No severe injuries were reported.

The absence of sprinklers in the car park has been highlighted.

Hopkinson remarked that sprinklers may have made a positive impact on this incident.

In alignment with these concerns, Javeria Hussain, chair of Luton Rising, the owning company of the airport, stated they would be collaborating closely with various stakeholders for quick recovery.

BAFSA’s insights on modern fire risks

The recent Luton Airport fire incident has reignited discussions about the need for advanced fire safety measures in modern infrastructure.

Ali Perry, BAFSA’s chief executive, shared the organisation’s stance: “Almost all modern cars are significantly larger, more massive and contain much greater amounts of plastic than ever before.

“They produce fires which are larger and propagate much faster than was previously possible.”

When touching on the challenges posed by electric vehicles, Perry added: “When electric vehicles catch fire, for example, they can produce intense horizontal flames that may ignite adjacent vehicles and create large conflagrations that can eventually result in structural failure and collapse of the building concerned, making it difficult for firefighters to control the fire.”

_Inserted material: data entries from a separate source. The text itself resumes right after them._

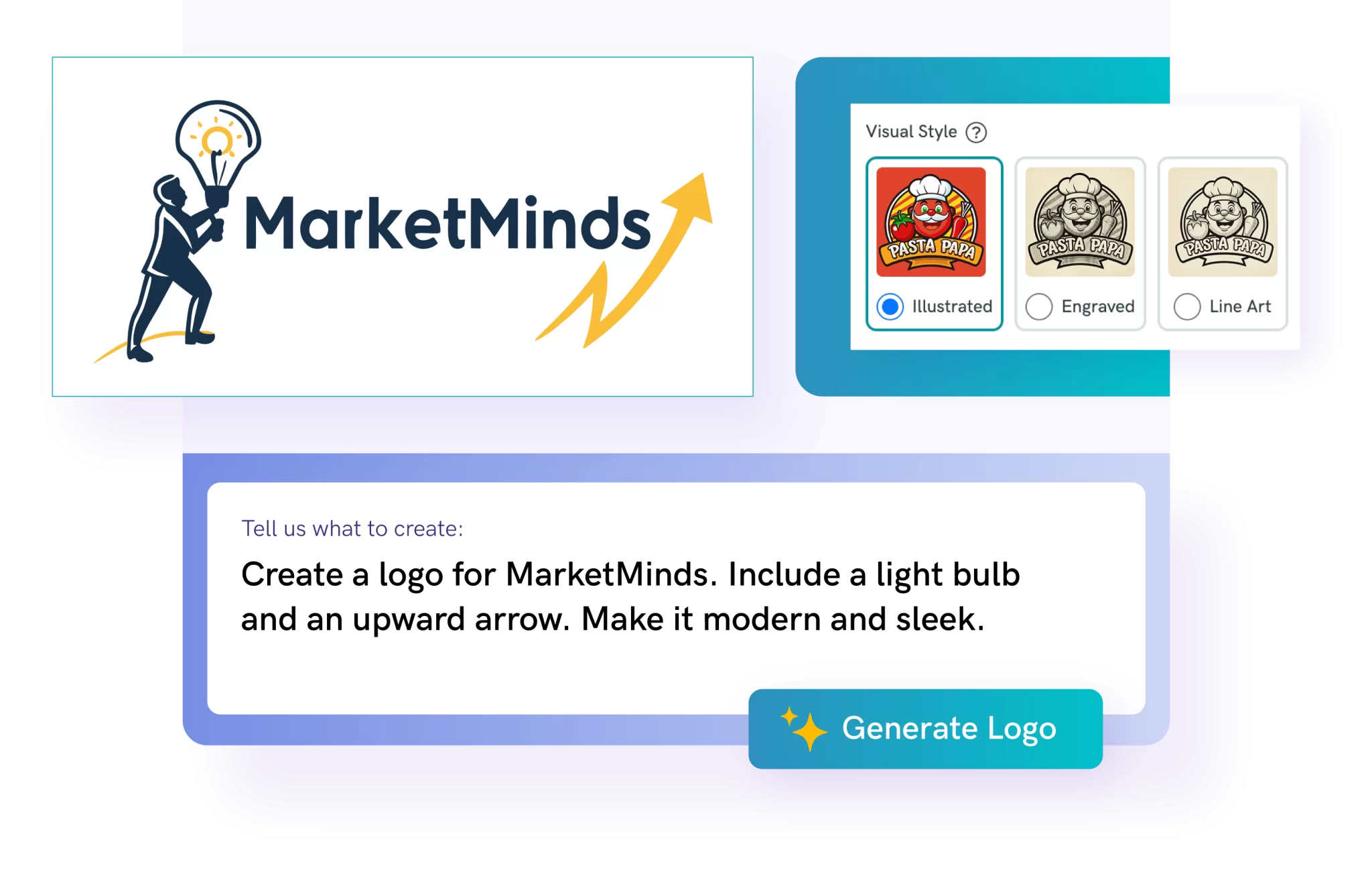 Move beyond the basics. Just by asking our AI to refine the style, you can have a logo in engraved style for timeless authority, line art for modern minimalism, or illustrated for a vibrant, custom feel.
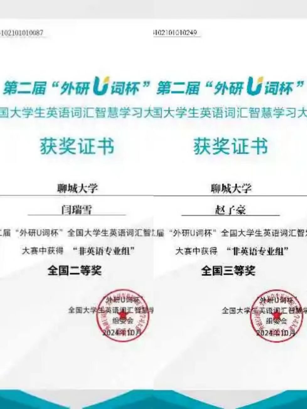 【资助育人取得成效】闫瑞雪、赵子豪在外研U词杯比赛中荣获二、三等奖
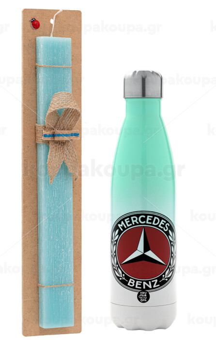 Mercedes vintage, Easter Set, Metallic green/white thermos (Stainless steel), double-walled, 500ml & scented flat Easter candle (30cm) (TURQUOISE)
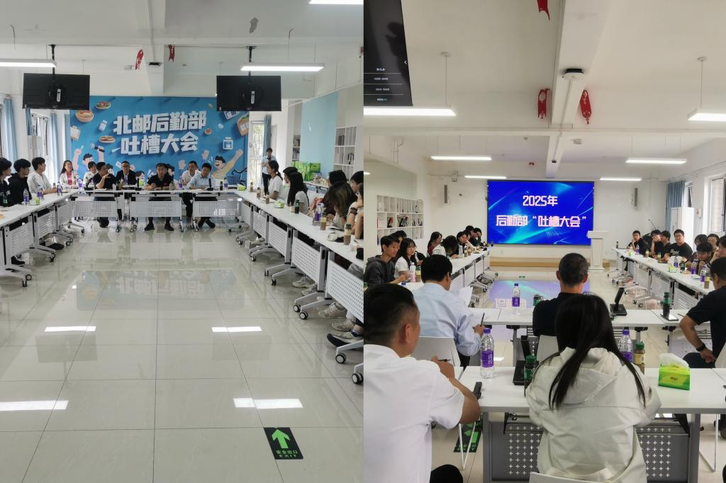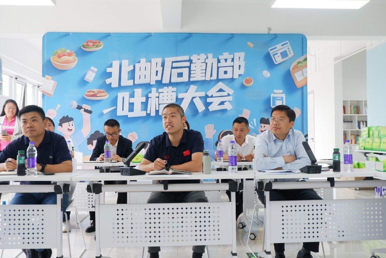 为持续开展深入贯彻中央八项规定精神学习教育,加强一线调研,关注师生急难愁盼问题,问需于师生,提升后勤服务质效,5月23日下午,沙河校区雁南园一站式多功能厅内洋溢着欢声笑语,一场别开生面的“吐槽大会”在此举行。学生代表与后勤服务团队围坐交流,以轻松活泼的方式开展深度交流对话。
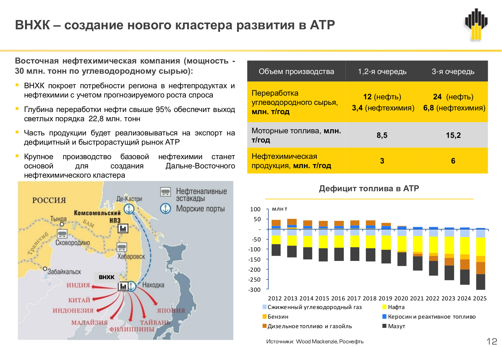Потенциальная мощность ВНХК по сырью до 24 млн. тонн в части нефтепереработки и до 6,8 млн. тонн по нефтехимии. Глубина переработки нефти свыше 95% обеспечит выход светлых в 22,8 млн. т. Планируются поставки продукции ВНХК на динамично развивающиеся рынки АТР. Общая стоимость проекта — порядка 40 млрд. $. Мы приглашаем наших японских партнеров принять участие в реализации этого амбициозного проекта. Хочу обратить ваше внимание, что в рамках этого проекта Правительство РФ, фактически, субсидирует инвесторов, за счет инфраструктуры и таможенных пошлин.
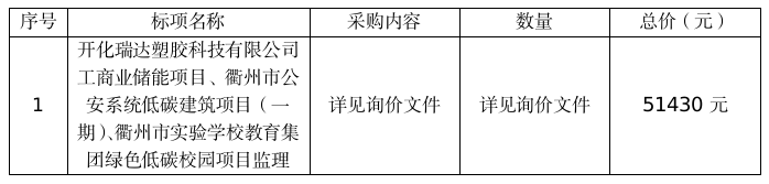 開化瑞達塑膠科技有限公司工商業(yè)儲能項目、衢州市公安系統(tǒng)低碳建筑項目(一期)、衢州市實驗學校教育集團綠色低碳校園項目監(jiān)理中標結(jié)果公告(非政府采購)
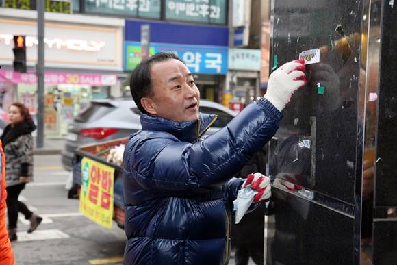 ▲황은성 안성시장이 지난 17일 설 명절을 맞아 청결한 안성 도시을 만들기 위한 일환으로 전개되고 있는 공직자 일제 대청소에 참여해 건물벽에 부착된 불법 광고전단지를 제거하고 있다.(사진=안성시 제공)

Perry further emphasised the importance of revisiting fire safety regulations: “Current guidance on fire precautions in the construction of car parks listed in Approved Document B of the Building Regulations for England and Wales and Scottish Technical Standards do not currently require that sprinklers be installed.

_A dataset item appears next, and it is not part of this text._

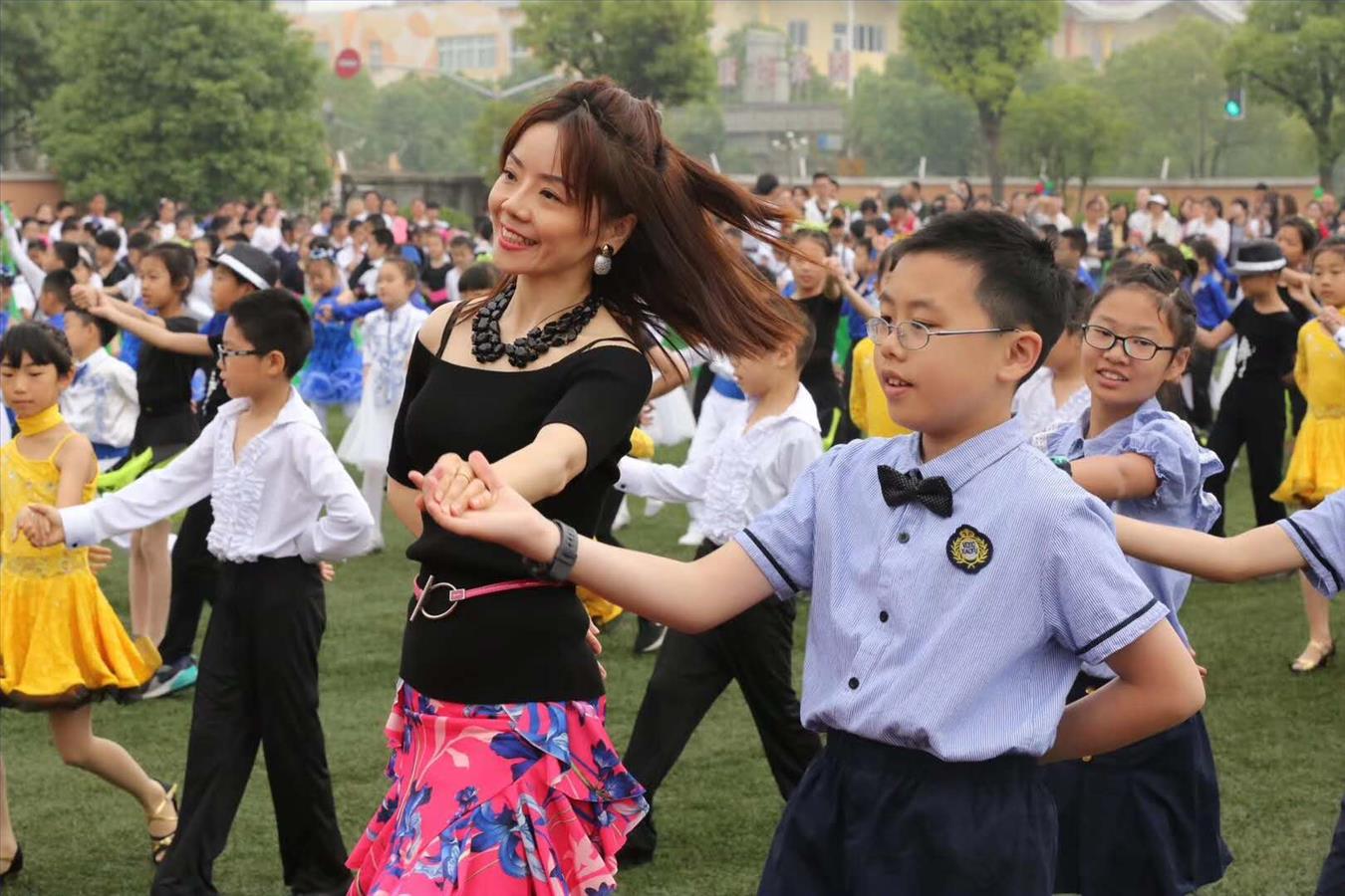 蓝村校区学生的华尔兹舞,懿德校区学生的啦啦操,是各自的优势和强项,各有各的味道。在小主持的开场白之后,拉开了两个校区学生校园舞蹈的展示秀。人人参与,别具一格,风采独特。教师代表、家长志愿者的加盟成为一道亮丽的风景。这里没有年龄之分,没有性别差异,没有身份隔阂。东方的校园成了舞者的用武之地,成了体育、美育、音律的融合场所,成了爱和欢乐的海洋。

It is BAFSA’s opinion, that this advice does not fully take into account the greater fire load of modern vehicles.”

CROSS-UK advocates for comprehensive investigations

CROSS-UK, a reputed entity in structural safety, weighed in on the Luton Airport fire incident, emphasising the significance of thorough investigations.

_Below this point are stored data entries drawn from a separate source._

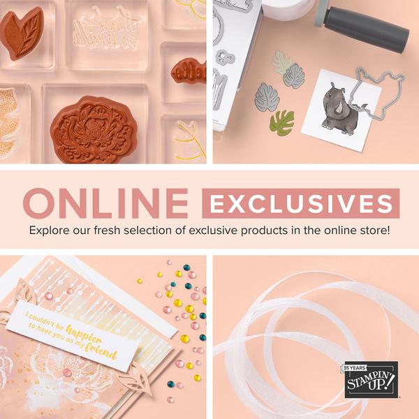 you would like to participate, and you are a member of our Team Group on facebook CLICK HERE to go to the post, and add your name, address, birthday and stampaversary date in the comments.     ONLINE EXCLUSIVES AVAILABLE FOR PRE-ORDER NOW  Online Exclusives are all about the future of shopping and selling. And a great opportunity for new experiences! You won’t find these products in any catalog, which means you can reach out to your customers and share fresh, never-before-seen products to spark their creativity and expand their crafting collection (and yours!). All from the convenience of the online store. As part of our new product release strategy, Online Exclusives allow you to better utilize digital resources and platforms in an ever-changing world. And we’ve provided several resources in the Marketing Toolkit for you to share with your customers. This new strategy also helps us respond more quickly to relevant trends, your needs, and the needs of your customers. So make sure you stay up to date with our Online Exclusive product releases throughout the
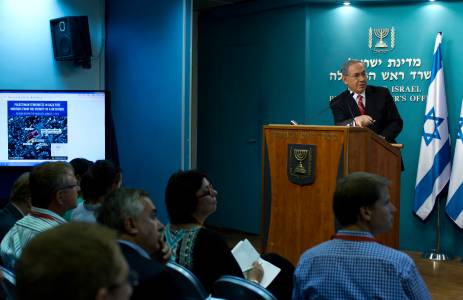 Israel's Prime Minister Benjamin Netanyahu (top right) speaks to members of the media during a news conference in Jerusalem August 6, 2014. A Gaza ceasefire was holding on Wednesday as Egyptian mediators pursued talks with Israeli and Palestinian representatives on an enduring end to a war that has devastated the Islamist Hamas- dominated enclave. REUTERS/Jim Hollander/Pool (JERUSALEM - Tags: POLITICS CONFLICT CIVIL UNREST)
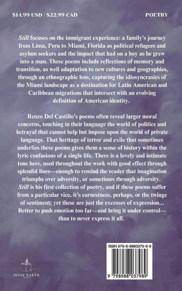 Have you ever yearned to embark on a profound journey of self-discovery, love, and connection? Look no further than Still, the captivating debut poetry collection by award-winning author Renzo Del Castillo that will transport you to the heart of a family's journey from Lima, Peru to Miami, Florida as political refugees and asylum seekers. Through beautifully crafted poems, Del Castillo invites you to witness the lasting impact of this transformative experience on a young boy as he grew into a man. Still is not just another poetry book; it's a portal to understanding the complexities of adapting to new cultures and geographies, woven together with memories and transitions that will resonate with your soul. In this groundbreaking anthology, you will: Uncover the interconnectedness of self-discovery through a sepia-toned, nostalgic journey that will leave you breathless. Experience the transformative potential of connecting with others, traveling the world, and the evocative feelings of culture and familial ties that will tug at your heartstrings. Confront the absurdity and beauty of love at first sight, and how it can change your life forever. Pay tribute to the homeland and gain a deeper understanding of the trials and tribulations that come with immigrating to a new country. Find hidden meanings in the things often left undiscovered through thought-provoking and brilliant poetry that will expand your mind. Enjoy poems translated into both Spanish and French, making this collection accessible to a wider audience and showcasing the universality of the immigrant experience. Still is not just another poetry book; it's a life-changing experience that will stay with you long after you've turned the final page. With undertones of the Beats and Pablo Neruda, and a concise and impactful style that explores love, immigration, travel, and more through vivid imagery and storytelling, this collection is a must-have for anyone seeking to broaden their understanding of empathy, connection, and the power of self-discovery. But don't just take our word for it. Acclaimed authors have praised Still as a brilliant work of poetry that creates stories in the mind, relates to deep introspection, and offers an out-of-body perspective. Del Castillo's words are raw, real, and full of love, humor, and clarity, making this collection an essential addition to your library. So, what are you waiting for? If you're ready to embark on a life-changing journey through the power of poetry, scroll up and click "Add to Cart" now. Still is the key to unlocking a world of self-discovery, love, and connection that will transform your life forever. Don't miss out on this extraordinary opportunity to immerse yourself in the captivating world of Renzo Del Castillo's poetry. Order your copy today!
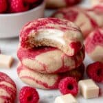 Delight in these Raspberry White Chocolate Cheesecake Cookies, featuring a creamy white chocolate cheesecake center surrounded by a luscious raspberry jam swirled cookie dough. These cookies combine a smooth, tangy filling with sweet, tart raspberry pockets, creating an irresistible balance of flavors and textures perfect for any dessert lover.
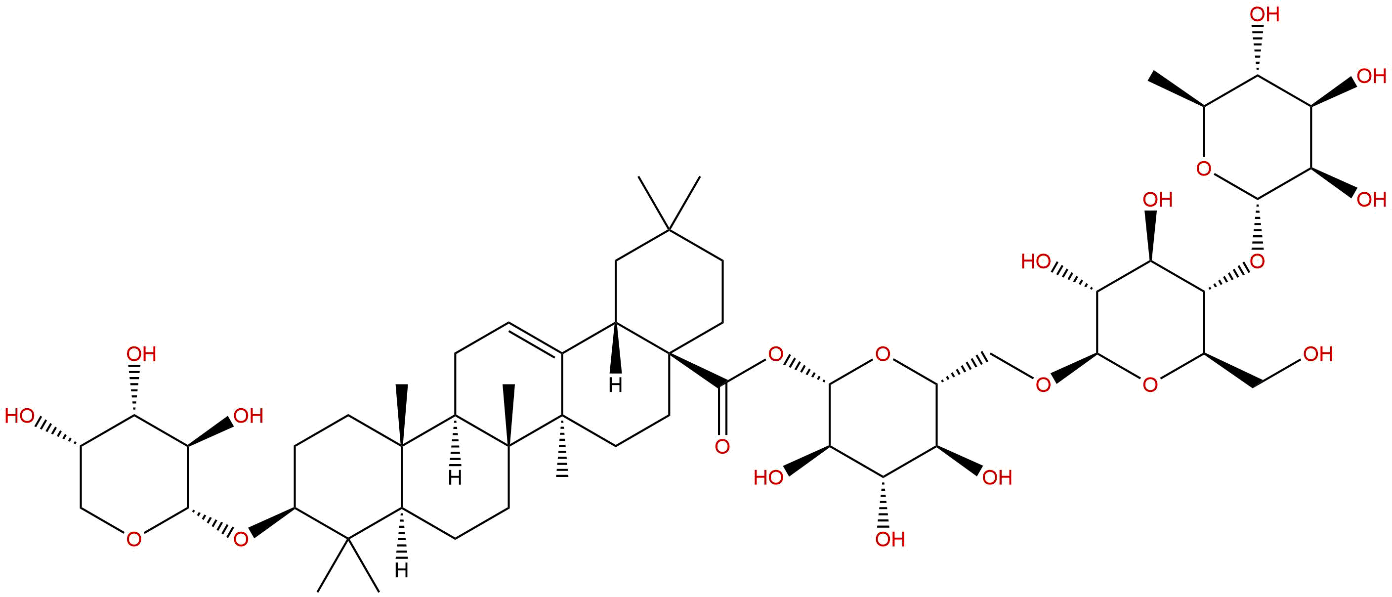 InChI: InChI=1S/C53H86O21/c1-23-32(56)35(59)39(63)45(69-23)73-42-27(20-54)70-43(41(65)37(42)61)68-22-28-34(58)36(60)40(64)46(71-28)74-47(66)53-17-15-48(2,3)19-25(53)24-9-10-30-50(6)13-12-31(72-44-38(62)33(57)26(55)21-67-44)49(4,5)29(50)11-14-52(30,8)51(24,7)16-18-53/h9,23,25-46,54-65H,10-22H2,1-8H3/t23-,25-,26-,27+,28+,29-,30+,31-,32-,33-,34+,35+,36-,37+,38+,39+,40+,41+,42+,43+,44-,45-,46-,50-,51+,52+,53-/m0/s1

Dr Alastair Soane, Principal Consultant for CROSS-UK, commented: “Fires in car parks are not uncommon, but a fire of this magnitude is rare.

“A full investigation will be required to understand what has happened. We do not yet know the reasons for this fire and structural damage to this multi-storey car park.”

He further emphasised the importance of patience and due diligence: “While we await further news from the site regarding the cause of this fire and the impact on the structure it is inappropriate to speculate.

“When details on the fire are available, we will help to disseminate lessons learned so that similar events can be prevented in future.”

IFSJ Comment

The Luton Airport fire raises pertinent questions about current fire safety measures, especially in modern multi-storey car parks.

The potential absence of sprinklers, as highlighted by the fire incident, underlines the urgency to reconsider existing fire safety regulations.

As vehicles become more advanced, with larger sizes and more plastic components, the risks of substantial fires increase.

This incident serves as a wake-up call for stakeholders to take proactive steps in ensuring safety in such structures.